# Description of the task
The result should be a full, exact repeat of the entries, free of pictures.
[Entries provided — start]
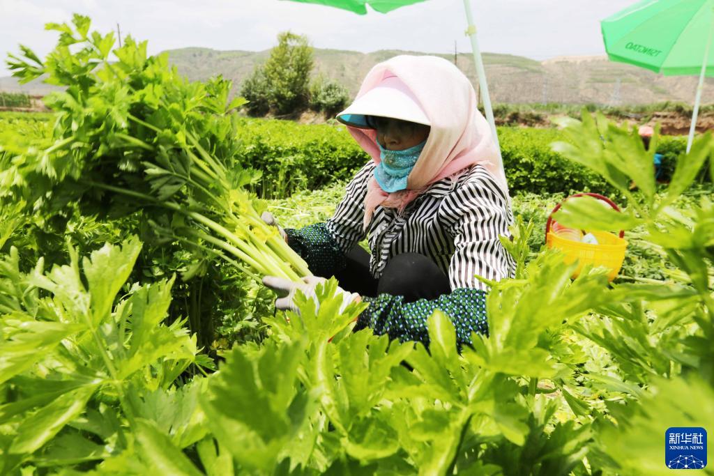 目前,位于黃土高原的甘肅省定西市種植的高原夏菜正值采收旺季,菜農趁著晴好天氣采收、包裝、外運各種蔬菜。
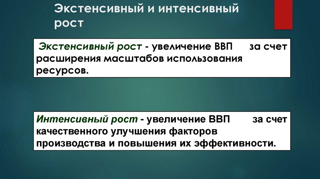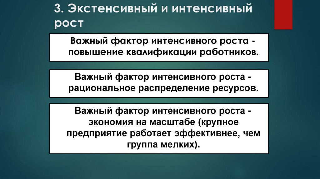 Важный фактор интенсивного роста повышение квалификации работников.Важный фактор интенсивного роста рациональное распределение ресурсов.
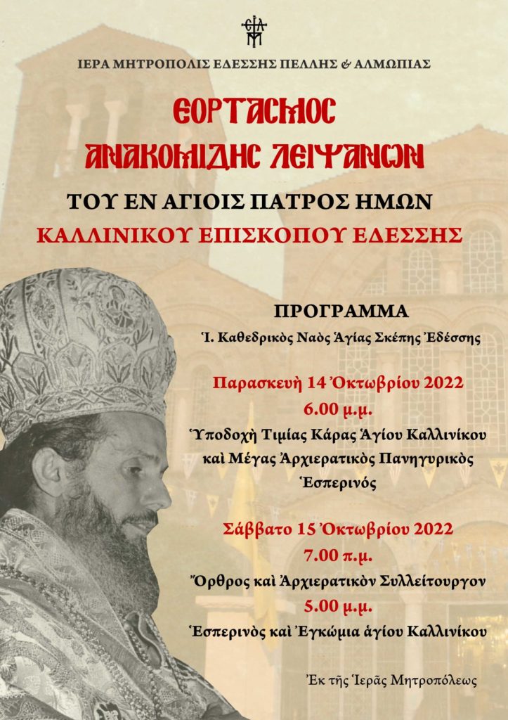 Ο Σεβασμιώτατος κ. Ιερόθεος είχε αναφερθεί παλαιότερα σε δύο γνωρίσματα του αγίου Καλλινίκου Εδέσσης:
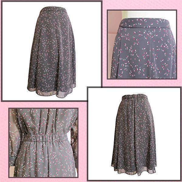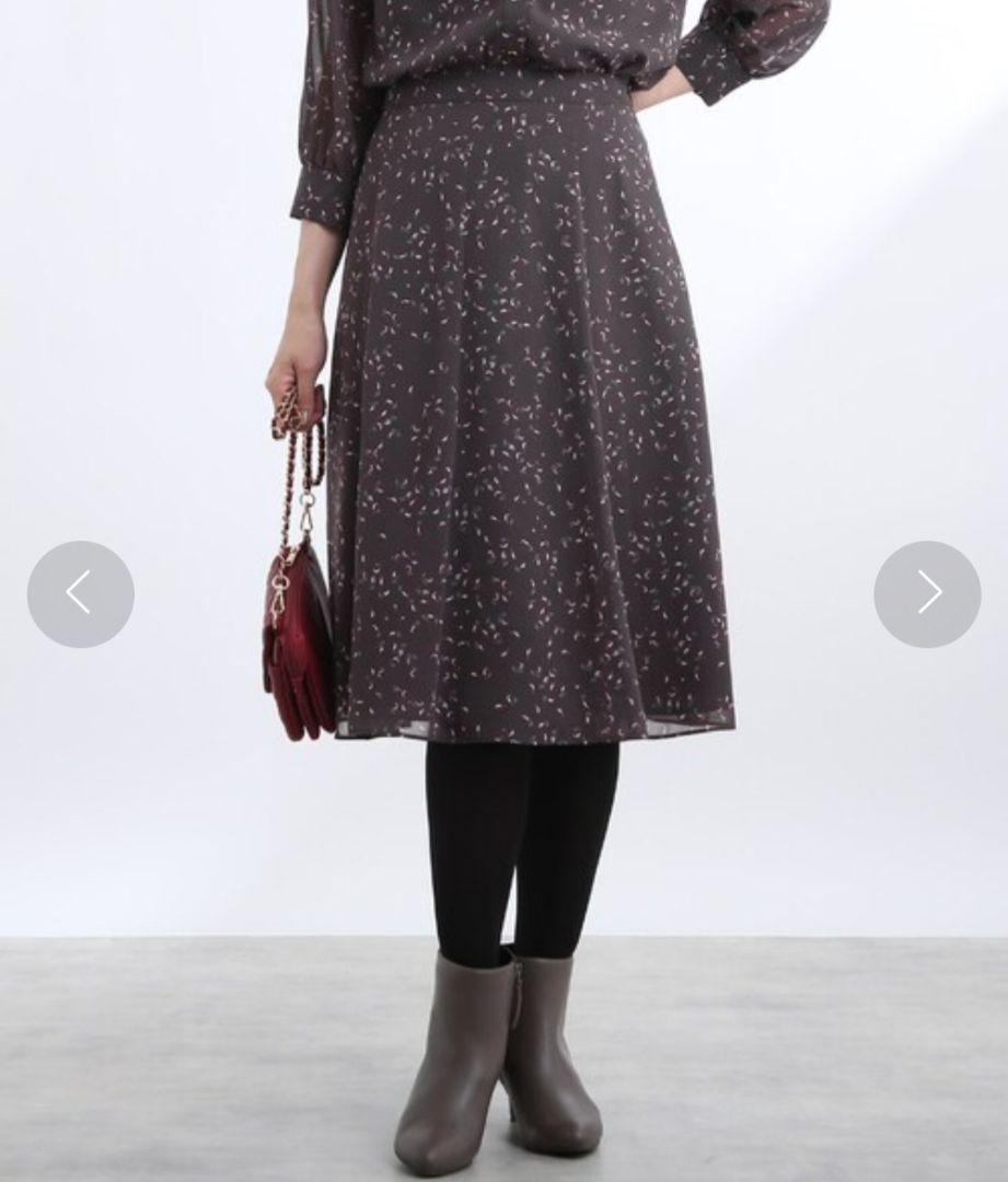 スカートは縦の剥ぎラインを利用した美しいシルエットで、美脚に見える嬉しいフリュイド感のあるフレアスカートです
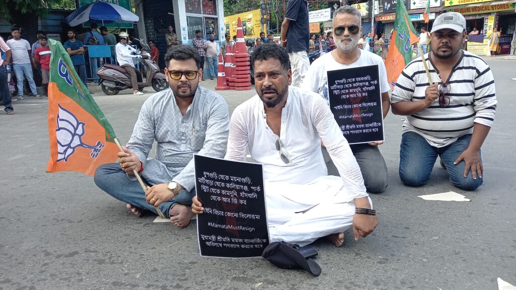 Siliguri, 16th August: The Bharatiya Janata Party (BJP) has organized road blockades across the state in protest against the R.G. Kar Medical College and Hospital incident, with significant demonstrations taking place in Siliguri.
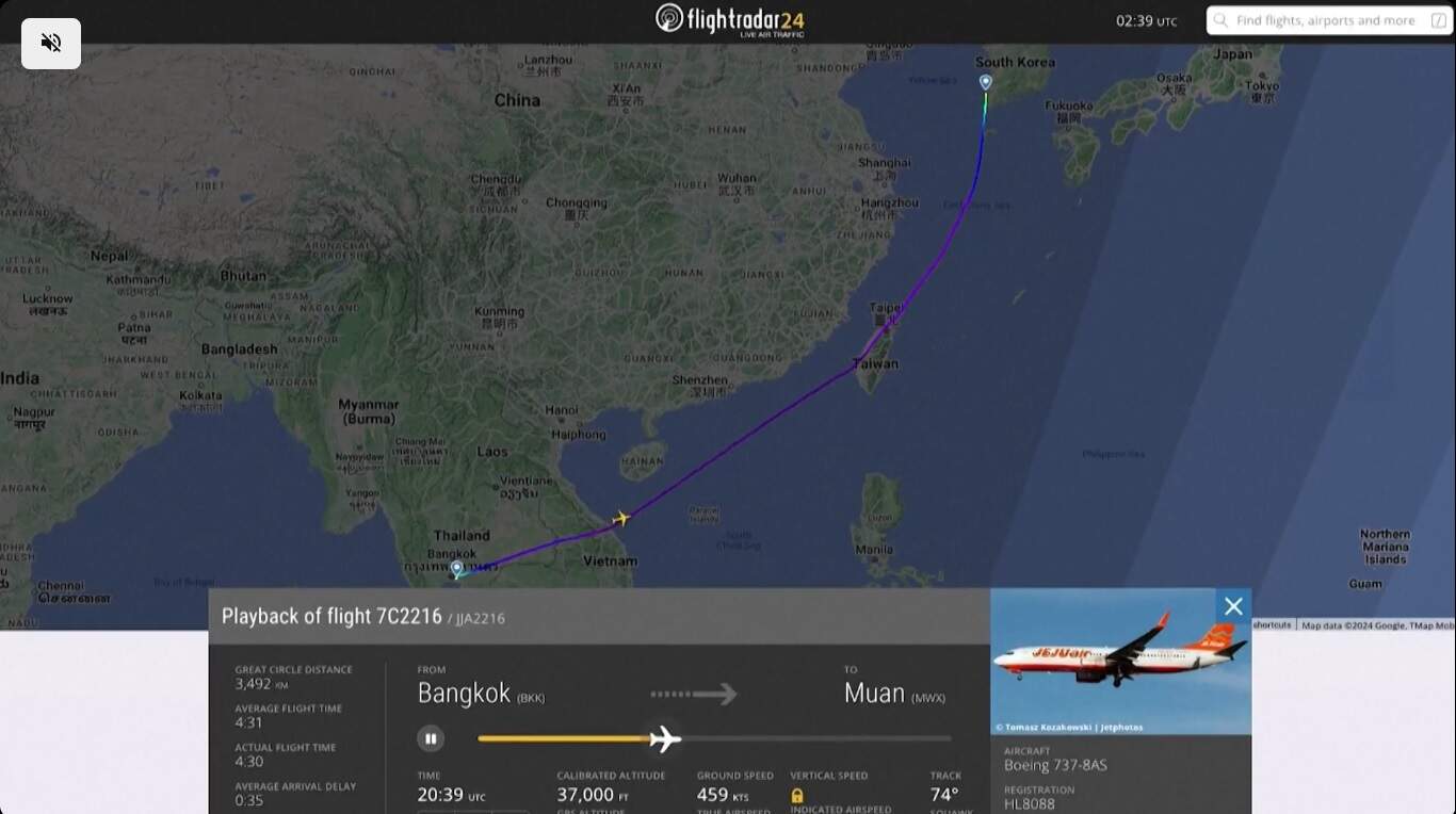 Um vídeo elaborado com informações do site Flightradar24 registra a rota percorrida pela aeronave, que havia decolado de Bangkok, na Tailândia, com destino a Muan, no sul da Coreia do Sul.
[Entries provided — finish]
# Completed exercise
 目前,位于黃土高原的甘肅省定西市種植的高原夏菜正值采收旺季,菜農趁著晴好天氣采收、包裝、外運各種蔬菜。
 Важный фактор интенсивного роста повышение квалификации работников.Важный фактор интенсивного роста рациональное распределение ресурсов.
 Ο Σεβασμιώτατος κ. Ιερόθεος είχε αναφερθεί παλαιότερα σε δύο γνωρίσματα του αγίου Καλλινίκου Εδέσσης:
 スカートは縦の剥ぎラインを利用した美しいシルエットで、美脚に見える嬉しいフリュイド感のあるフレアスカートです
 Siliguri, 16th August: The Bharatiya Janata Party (BJP) has organized road blockades across the state in protest against the R.G. Kar Medical College and Hospital incident, with significant demonstrations taking place in Siliguri.
 Um vídeo elaborado com informações do site Flightradar24 registra a rota percorrida pela aeronave, que havia decolado de Bangkok, na Tailândia, com destino a Muan, no sul da Coreia do Sul.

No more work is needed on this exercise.